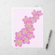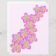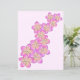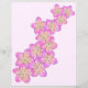 Apresenta flores rosa desenhadas à mão e frangipanas amarelas num fundo cor-de-rosa.
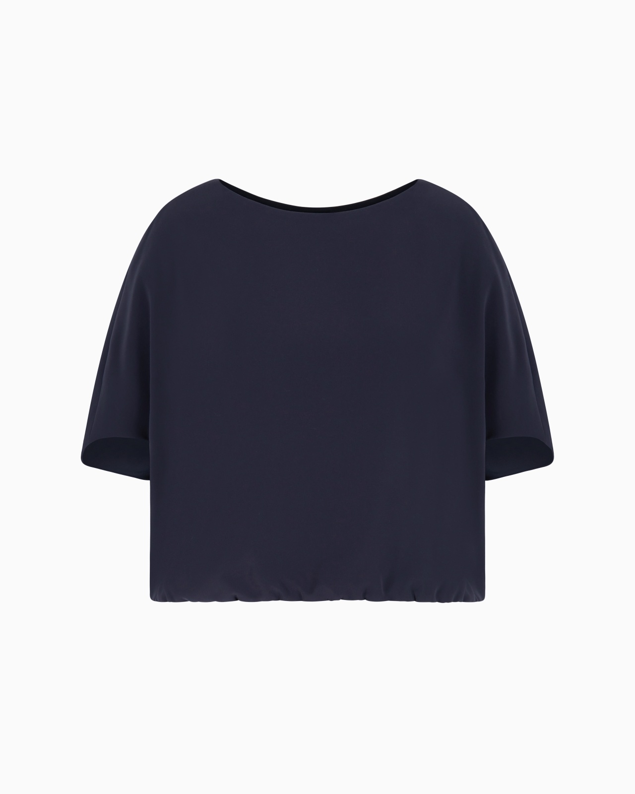 Technical cady blouse with a rounded neckline in a flowing, lightweight fabric that gently drapes across the body, offering an impeccable look to any silhouette. The style features wide sleeves with a cape-effect design and has a side press-stud opening at the gathered hem, creating a balloon effect. Tech cady Rounded neckline Short sleeves Side press studs at the hem Gathered hem Lined garment Product Code: EW000828AF10206UB115
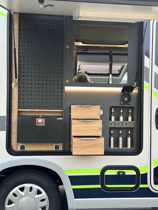 戴德URV右侧是车辆的外置厨房区域。其内部设计了调料架、45升抽屉式冰箱等配置,搭配车内原有的水槽等设备,形成了流畅的外部厨房动线,在户外烹饪时会更加得心应手。得益于这种设计,这台戴德URV房车能够成为露营生活中当之无愧的核心,和其他车辆配合,一起构成舒适的露营图景。
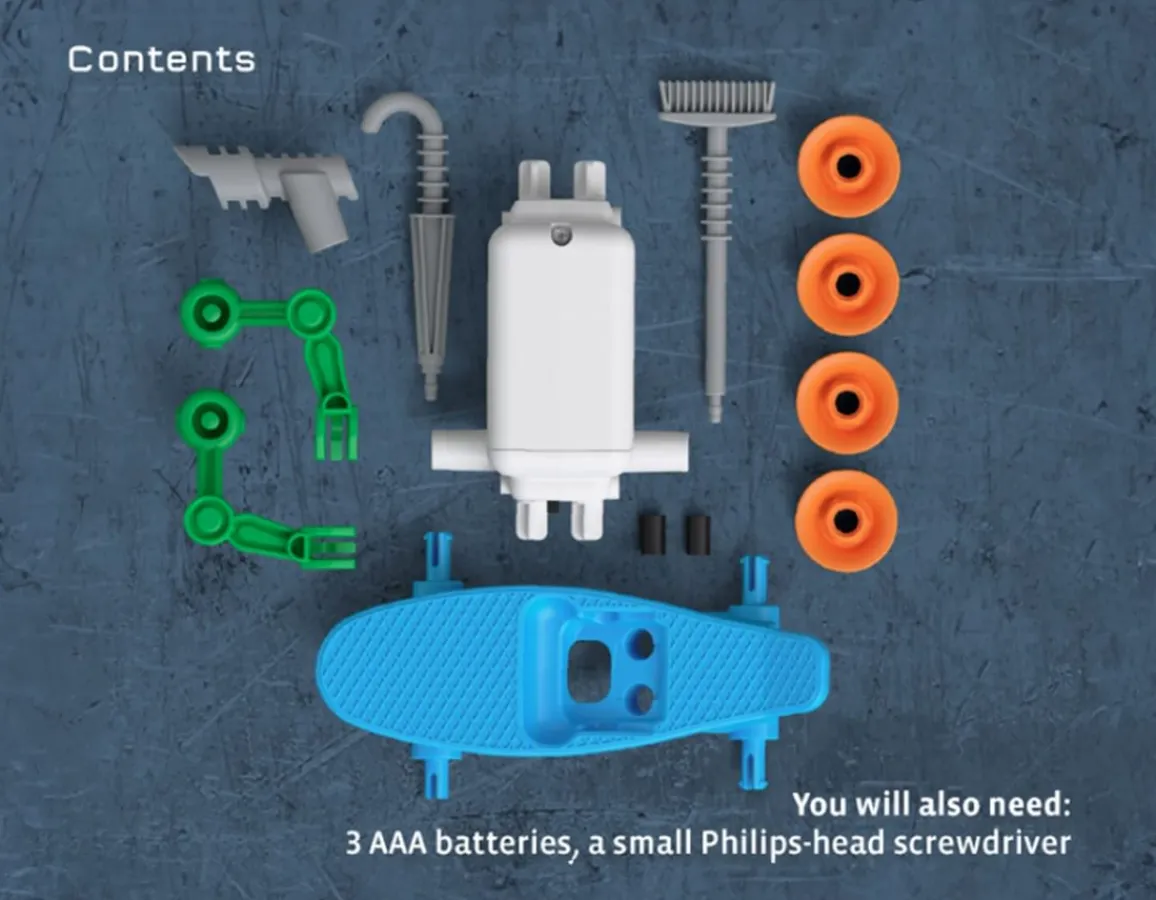 Clever 16-piece kit to create a cool robot that propels himself along.
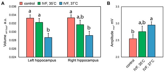 The impact of temperature conditions during the first embryonic cell division on the hippocampus volume and startle reflex of the offspring. Relative hippocampal volume (A) and maximum startle reflex amplitude (B) in offspring. The data is presented as mean ± standard error: a,b—significant between-group differences (LSD test, p < 0.05).
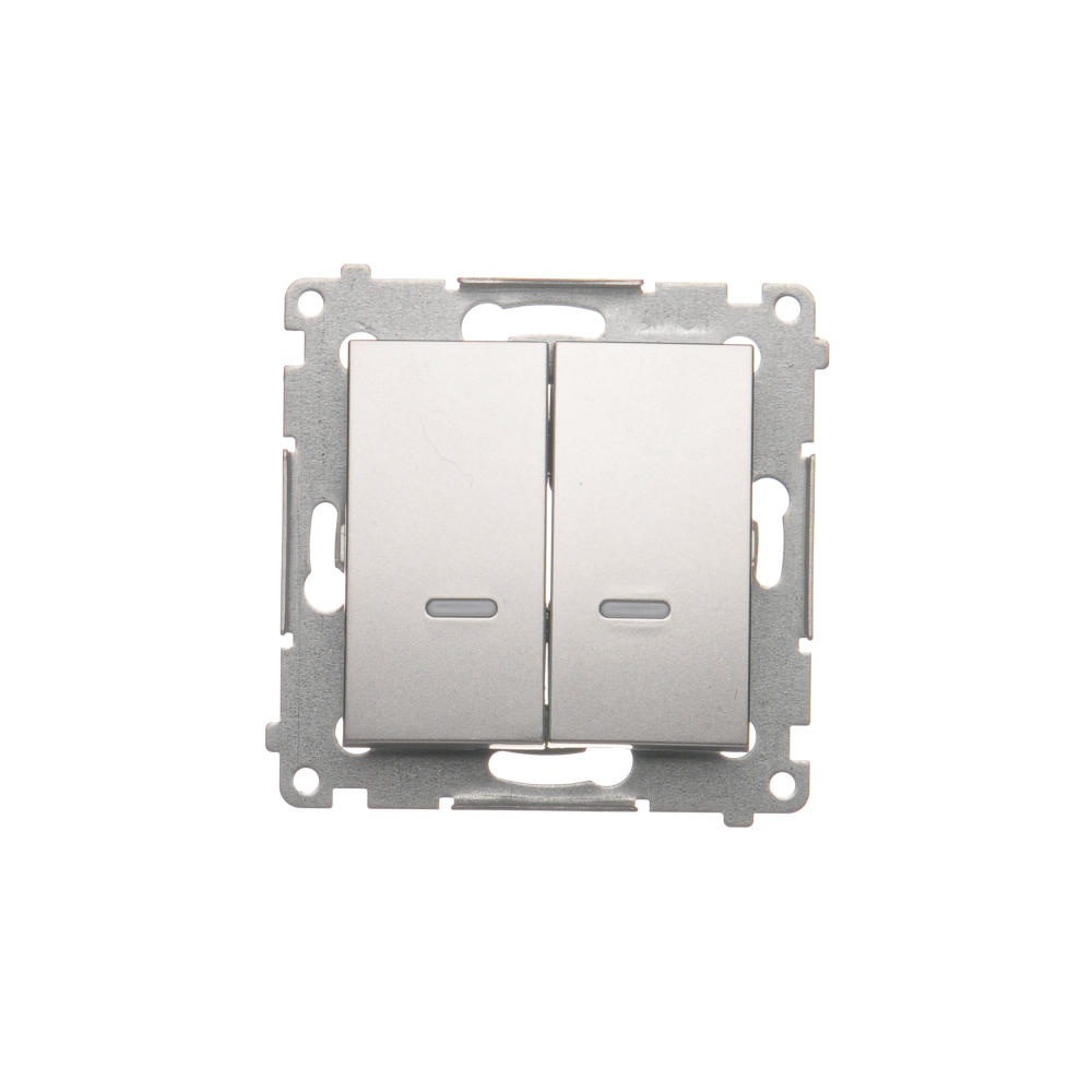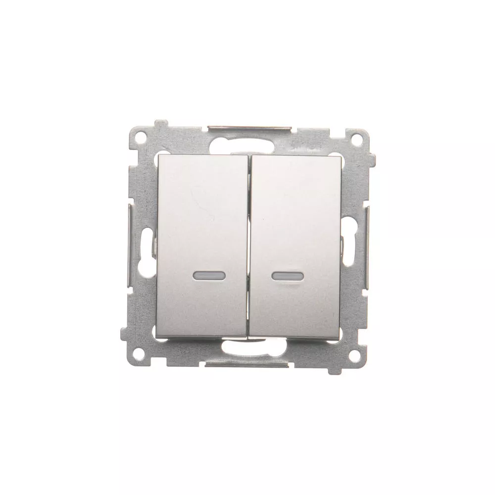 Simon 54 WMDL-07120x-043 Łącznik krzyżowy podwójny z podświetleniem bez piktogramu (moduł) 10AX, 250V~, szybkozłącza; srebrny mat
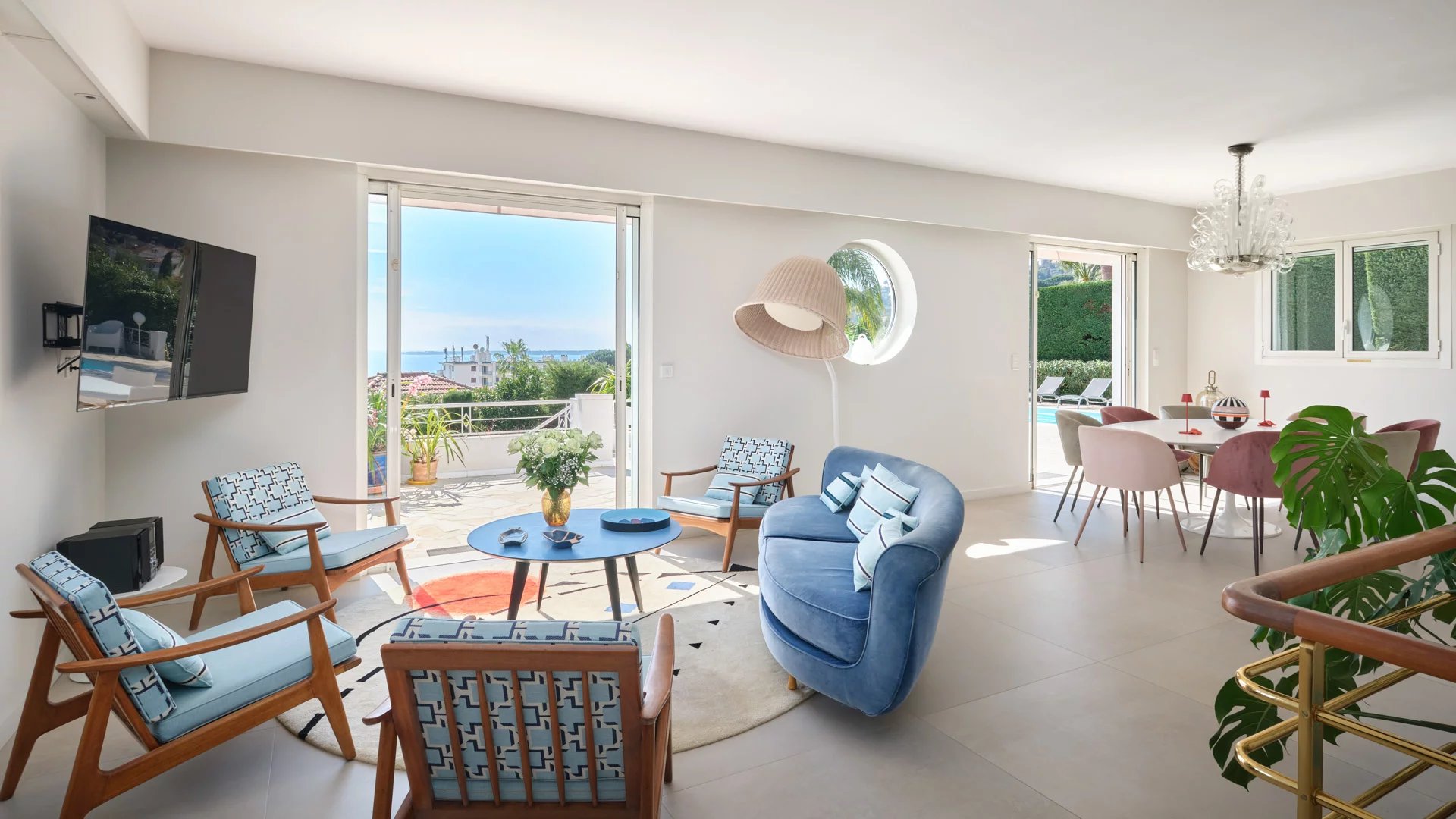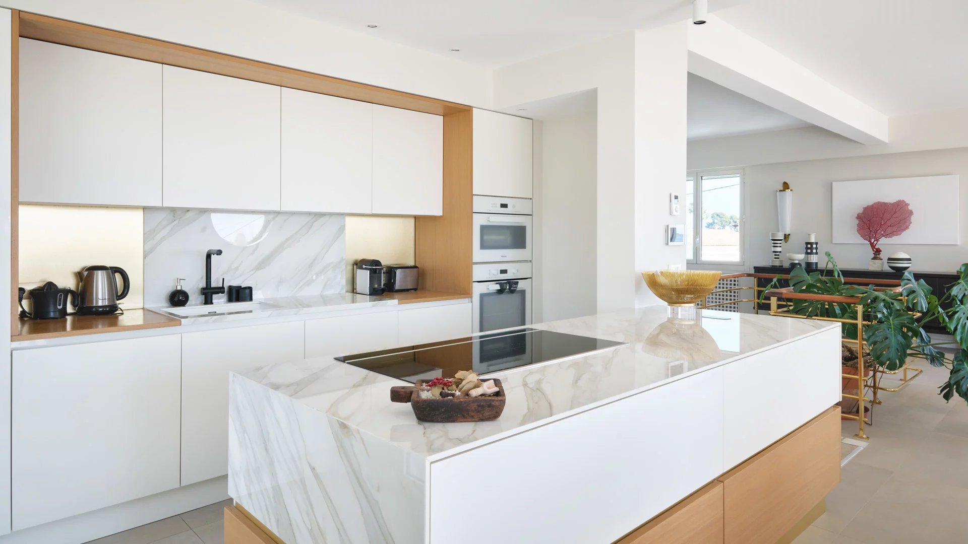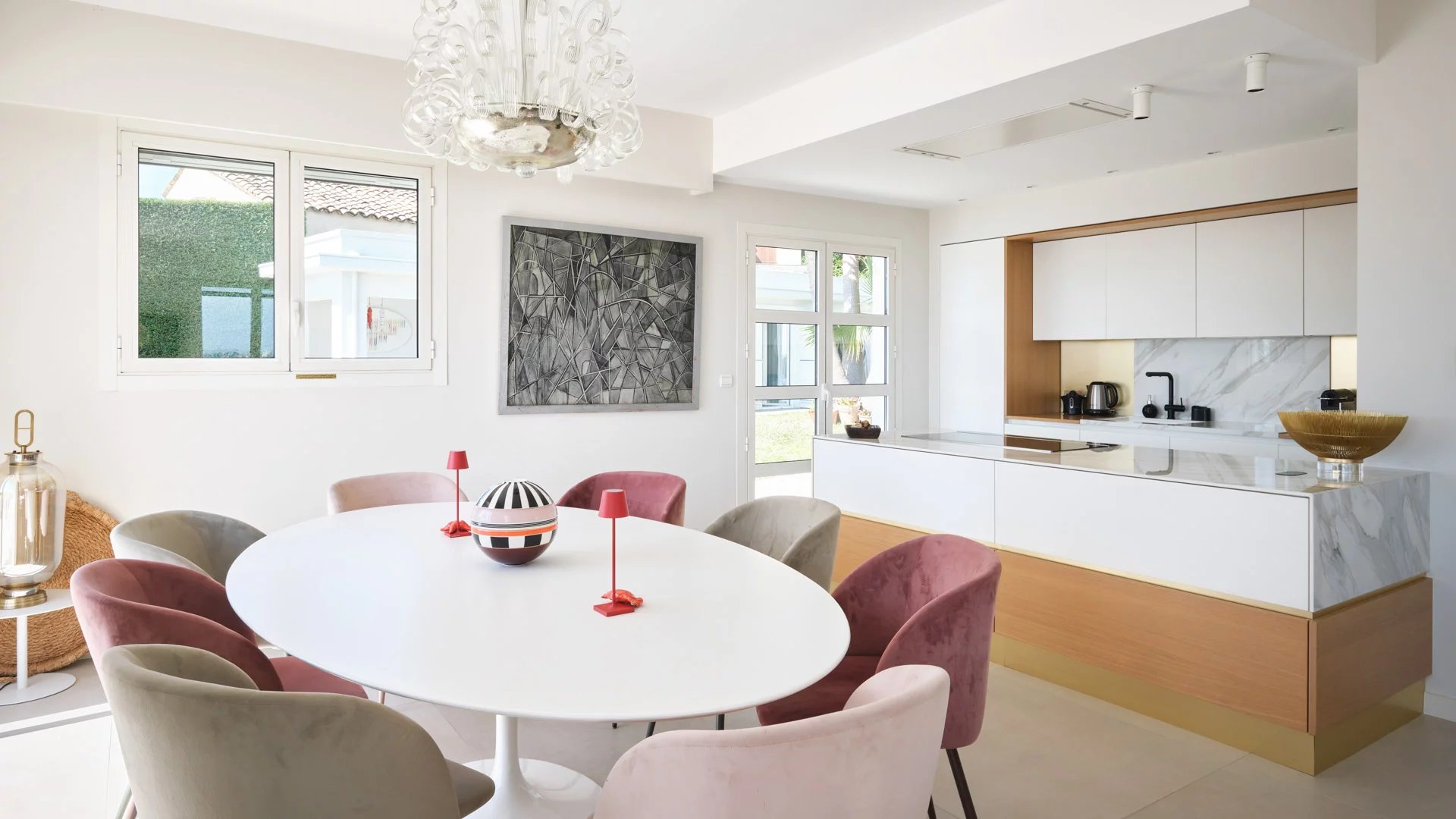 Reception opening onto the garden and the swimming pool, comprising living room, dining area and open kitchen
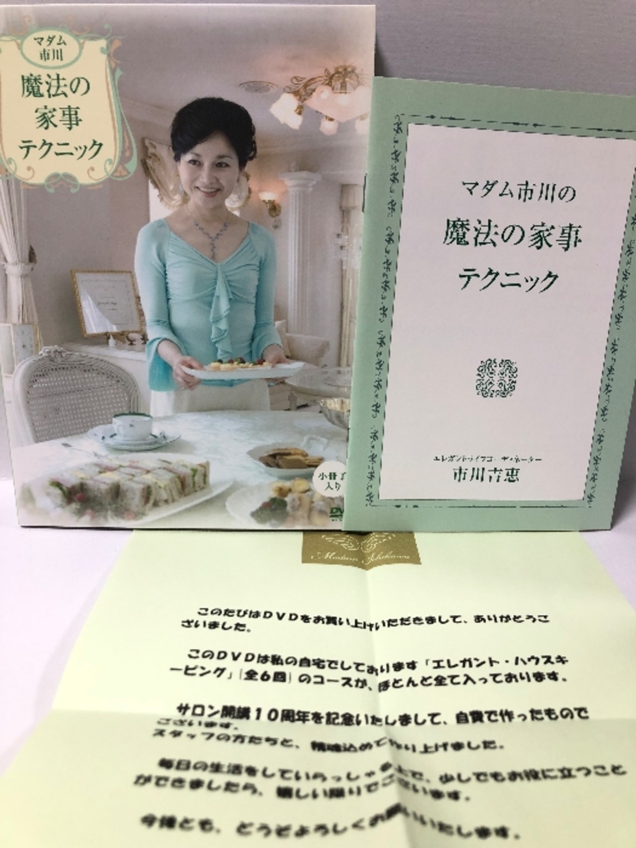 はじめまして。市川吉恵です。収納とハウスキーピング、おもてなし・・・という言葉から連想すると、まるで私はきっちり几帳面な達人主婦という印象になってしまうのかもしれません。でも実は、ビックリするほど大雑把。家のことをするのは大好きだけど、朝から晩まで家事をするなんていや、自分の好きなこともしたい!といった性格なのです。でも、そんな私だからこそ、面倒でない収納の工夫や、手軽なおもてなしのアイディアうぃ提案できるのではないかしらと思っています。完璧じゃなくても、十分素敵で、心が豊かになる日々の暮らしのあれこれを、私自身、ますます磨きをかけながら、どんなお宅にも応用できるアイディアを、見安様にご紹介していきたいと思います。(DVDより抜粋) このように語る、マダム市川が主宰する自宅サロンでの全レッスン(6回分)の中で押さえておきたい大事なポイントを、このDVD1枚(たっぷり119分)に凝縮!! 「お家をキレイにしたいわ!」と思っても、結局数日経つと、悲しいくらい元通り!? でも、マダム市川が提案するシステムをいったんお家の中につくってしまえば、お掃除の時間も短縮!! 一つ一つのアイ・・・
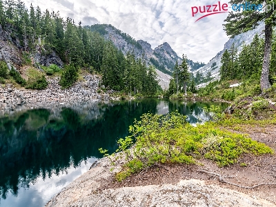 Puzzle Drzewa, Rzeka, Góry, Odbicie
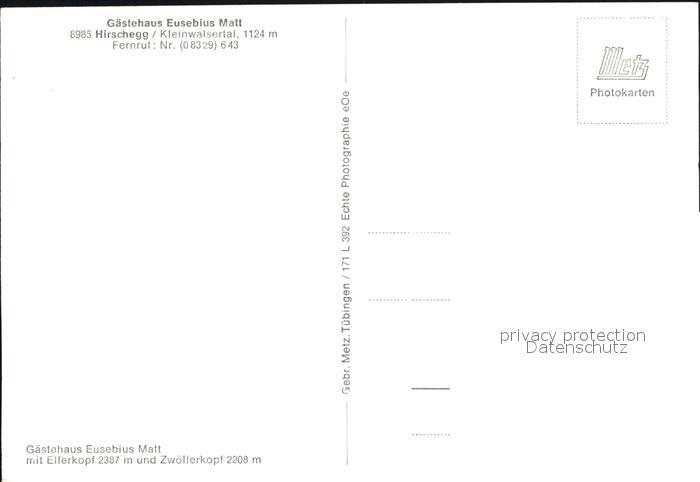 72476670 Hirschegg Kleinwalsertal Vorarlberg Gaestehaus Eusebius Matt postalisch nicht gelaufen Erhaltung siehe scans KatCode: 11390
◆ ◆ ◆ ◆
A word-for-word copy of the material is required; pictures stay out of it.

**OUTPUT**
 Apresenta flores rosa desenhadas à mão e frangipanas amarelas num fundo cor-de-rosa.
 Technical cady blouse with a rounded neckline in a flowing, lightweight fabric that gently drapes across the body, offering an impeccable look to any silhouette. The style features wide sleeves with a cape-effect design and has a side press-stud opening at the gathered hem, creating a balloon effect. Tech cady Rounded neckline Short sleeves Side press studs at the hem Gathered hem Lined garment Product Code: EW000828AF10206UB115
 戴德URV右侧是车辆的外置厨房区域。其内部设计了调料架、45升抽屉式冰箱等配置,搭配车内原有的水槽等设备,形成了流畅的外部厨房动线,在户外烹饪时会更加得心应手。得益于这种设计,这台戴德URV房车能够成为露营生活中当之无愧的核心,和其他车辆配合,一起构成舒适的露营图景。
 Clever 16-piece kit to create a cool robot that propels himself along.
 The impact of temperature conditions during the first embryonic cell division on the hippocampus volume and startle reflex of the offspring. Relative hippocampal volume (A) and maximum startle reflex amplitude (B) in offspring. The data is presented as mean ± standard error: a,b—significant between-group differences (LSD test, p < 0.05).
 Simon 54 WMDL-07120x-043 Łącznik krzyżowy podwójny z podświetleniem bez piktogramu (moduł) 10AX, 250V~, szybkozłącza; srebrny mat
 Reception opening onto the garden and the swimming pool, comprising living room, dining area and open kitchen
 はじめまして。市川吉恵です。収納とハウスキーピング、おもてなし・・・という言葉から連想すると、まるで私はきっちり几帳面な達人主婦という印象になってしまうのかもしれません。でも実は、ビックリするほど大雑把。家のことをするのは大好きだけど、朝から晩まで家事をするなんていや、自分の好きなこともしたい!といった性格なのです。でも、そんな私だからこそ、面倒でない収納の工夫や、手軽なおもてなしのアイディアうぃ提案できるのではないかしらと思っています。完璧じゃなくても、十分素敵で、心が豊かになる日々の暮らしのあれこれを、私自身、ますます磨きをかけながら、どんなお宅にも応用できるアイディアを、見安様にご紹介していきたいと思います。(DVDより抜粋) このように語る、マダム市川が主宰する自宅サロンでの全レッスン(6回分)の中で押さえておきたい大事なポイントを、このDVD1枚(たっぷり119分)に凝縮!! 「お家をキレイにしたいわ!」と思っても、結局数日経つと、悲しいくらい元通り!? でも、マダム市川が提案するシステムをいったんお家の中につくってしまえば、お掃除の時間も短縮!! 一つ一つのアイ・・・
 Puzzle Drzewa, Rzeka, Góry, Odbicie
 72476670 Hirschegg Kleinwalsertal Vorarlberg Gaestehaus Eusebius Matt postalisch nicht gelaufen Erhaltung siehe scans KatCode: 11390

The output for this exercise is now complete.